Chanakya National Law University
- Motto: Gyandhanam Mahaddhanam
- Motto in English: Knowledge is the greatest wealth
- Type: Government
- Established: 2006; 20 years ago
- Affiliations: BCI, UGC
- Chancellor: Chief Justice of the Patna High Court
- Vice-Chancellor: Dr. Faizan Mustafa
- Location: Patna, Bihar, India
- Campus: Residential;
- Website: www.cnlu.ac.in

= Chanakya National Law University =

National law university in Patna, Bihar, India

Chanakya National Law University (CNLU) is a public law school and a National Law University in Patna, Bihar, India. It was established in 2006 by the Government of Bihar (Bihar Act 24 of 2006) as a public university dedicated to the field of legal education. The Chief Justice of Patna High Court is the ex officio chancellor of the university. It is one of the autonomous law schools in India. The campus is situated right near the heart of the city in the Mithapur area and has an area of approximately 18 Acres.

==History==
The university came into being on 15 August 2006 under the guidance of its vice-chancellor/pro-chancellor, Prof. Dr. A. Lakshminath, former dean and registrar, NALSAR University of Law, Hyderabad, HRD Principal Secretary Madan Mohan Jha, a 1977 batch IAS and Registrar(I/C) Vijay Kumar Himanshu Dy. Director of Higher education, HRD, Government of Bihar. CNLU was established under the Chanakya National Law University Act, 2006 (Bihar Act No. 24 of 2006) and included in section 2(f) & 12(B) of the U.G.C. Act, 1956. It has its jurisdiction over whole state of Bihar.

==Administration==
Heading the administration of the university are:

- Chancellor: Chief Justice of the Patna High Court.
- Vice Chancellor: Dr. Faizan Mustafa
- Registrar(I/C): Dr. SP Singh

==Academics==
===Academic programmes ===
CNLU offers a five-year integrated course into two following streams namely, B.A., LL.B(Hons), B.B.A, through a nationwide exam Common Law Admissions Test which is taken by approximately by upwards of 80,000 students every year. A total of 140 seats are offered for admission out of which 10 seats are reserved for NRI and 10 for Foreign Nationals. CNLU follows a credit-based elective system, with certain mandatory courses, which requires students to earn 200 credits over a period of five years to earn the degree.
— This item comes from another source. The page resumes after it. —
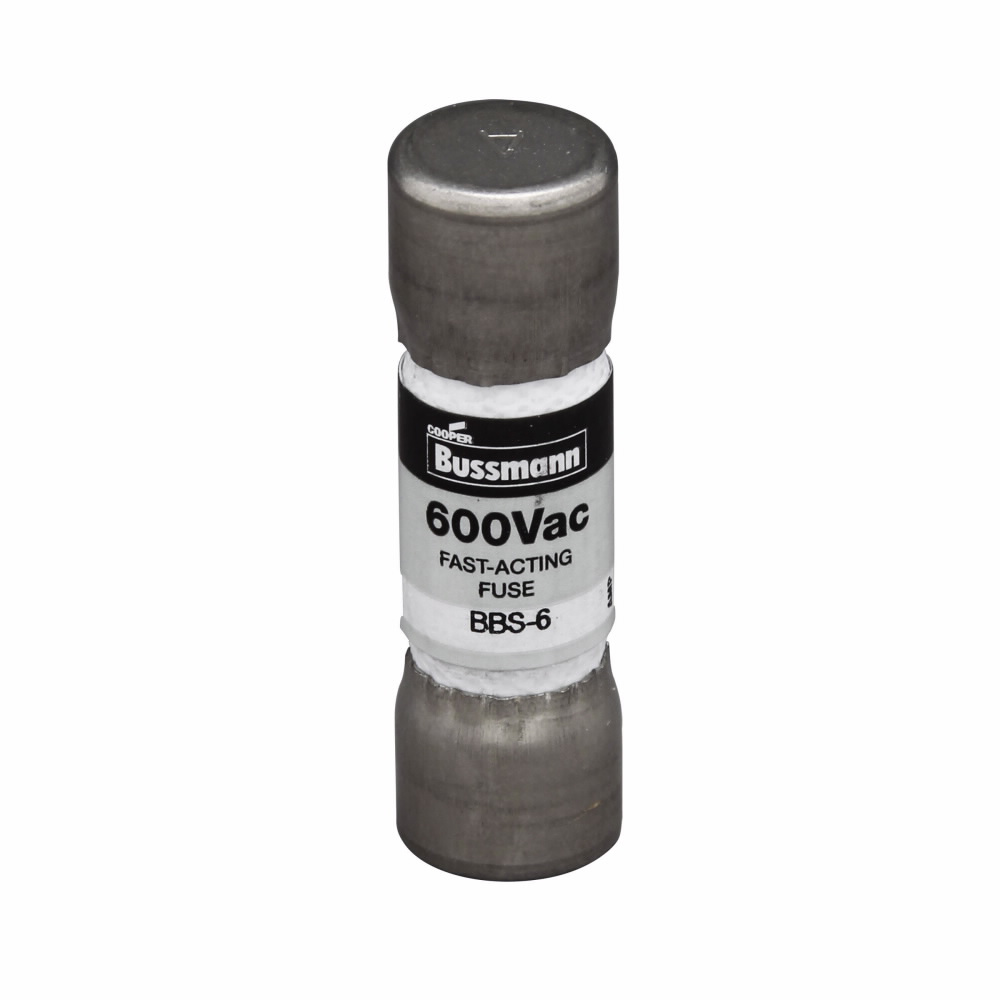The Bussmann BBS-5 Midget Fast Acting Fuse is designed for circuit protection. It has a rating of five amps and features a non-indicating design. This fuse employs ferrule end connections, ensuring a solid fit in various applications. Rated for a maximum voltage of six hundred volts, it can handle up to ten kiloamp interrupt capacity, making it suitable for demanding environments.

CNLU offers one-year post-graduate LL.M program. Admission to the total 40 seats for LL.M course is provided through the Entrance Test conducted by the university.

===Journals published===
- CNLU Law Journal
- JAIRIPA
- The Chanakya Law Review

==Student life==
=== Mooting Committee ===

The students of the CNLU has participated in some of the International and National Moots court competition. The students have brought laurels to the university.
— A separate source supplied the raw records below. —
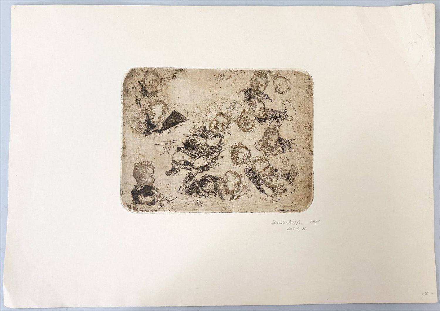 Antique Print, A. Welti, Titled as Kinderkopke, 1895, sight size 14”h x 20”w Condition: Good
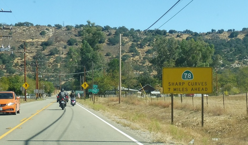 A couple miles later, we’ll approach SR 79. Continuing on 78 (and 79 south!) leads to some sharp curves.
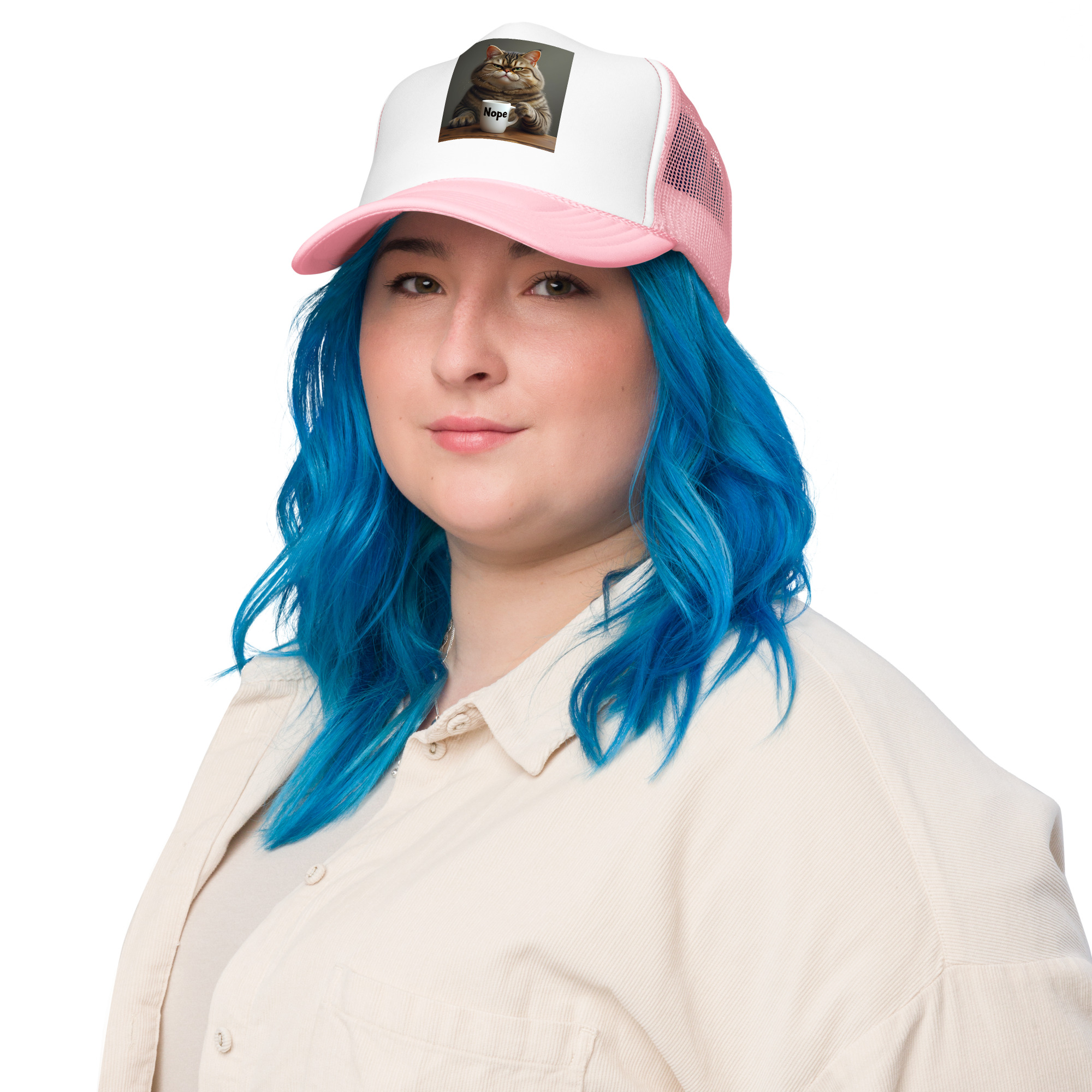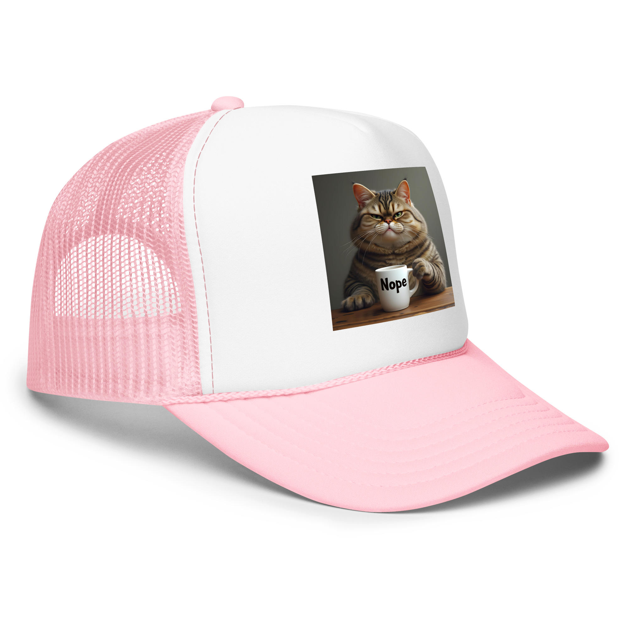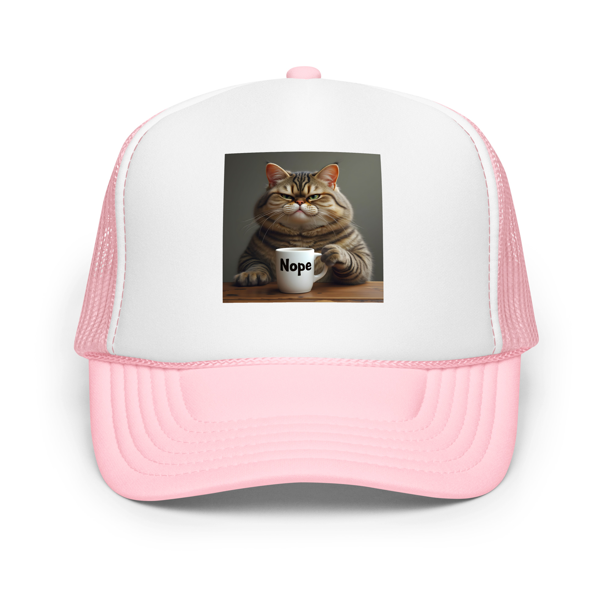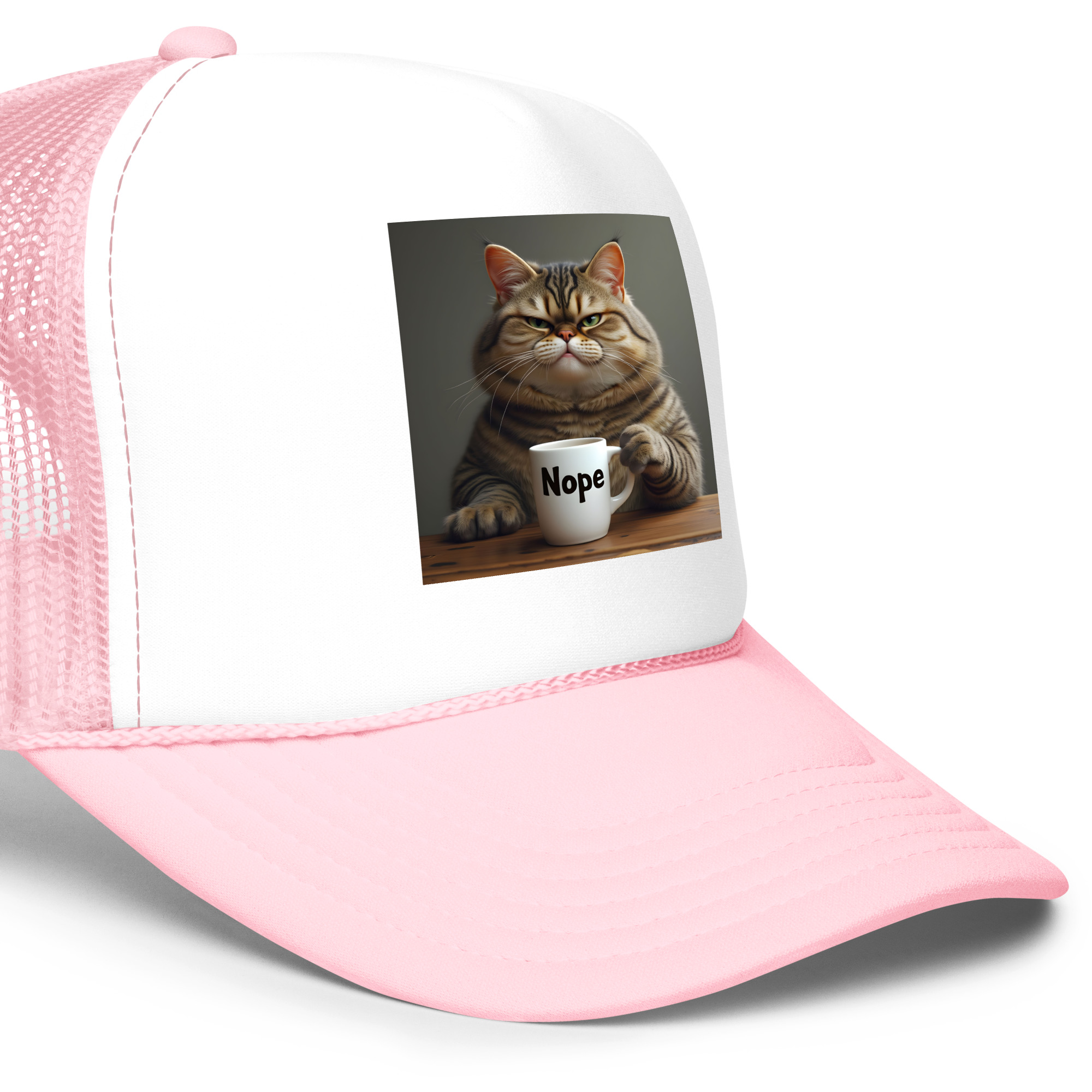 Channel the energy of this gloriously grumpy cat every time you step outside. Featuring a hyper-realistic, unimpressed feline clutching a “Nope” mug like it’s the last shred of patience they’ve got, this hat is peak mood and peak style. Built on a premium foam trucker base, it’s breathable, bold, and perfect for anyone who’d rather not today.

- 28th Bar Council of India Moot, 2012 organized by National Law University, Delhi: Adjudged as Winners.

=== Cultural Committee ===

The committees are reconstituted every year through student elections.

===Jeevatva (The CNLU Fest)===
CNLU annual fest named JEEVATVA is being organised on 14–16 February. Students from many colleges across India have participated in this fest. It includes cultural, sports and academic events.

===Debating===
The University has had a long culture of debating and has participated in the country's most renowned debates including the NLSIU Bangalore Debate, Mukerji Memorial Debate, etc. It has also been organizing its own parliamentary debate speculated to be one of the largest debating events in eastern India. CNLU also organised the first grand-scale Model United Nations event in Bihar.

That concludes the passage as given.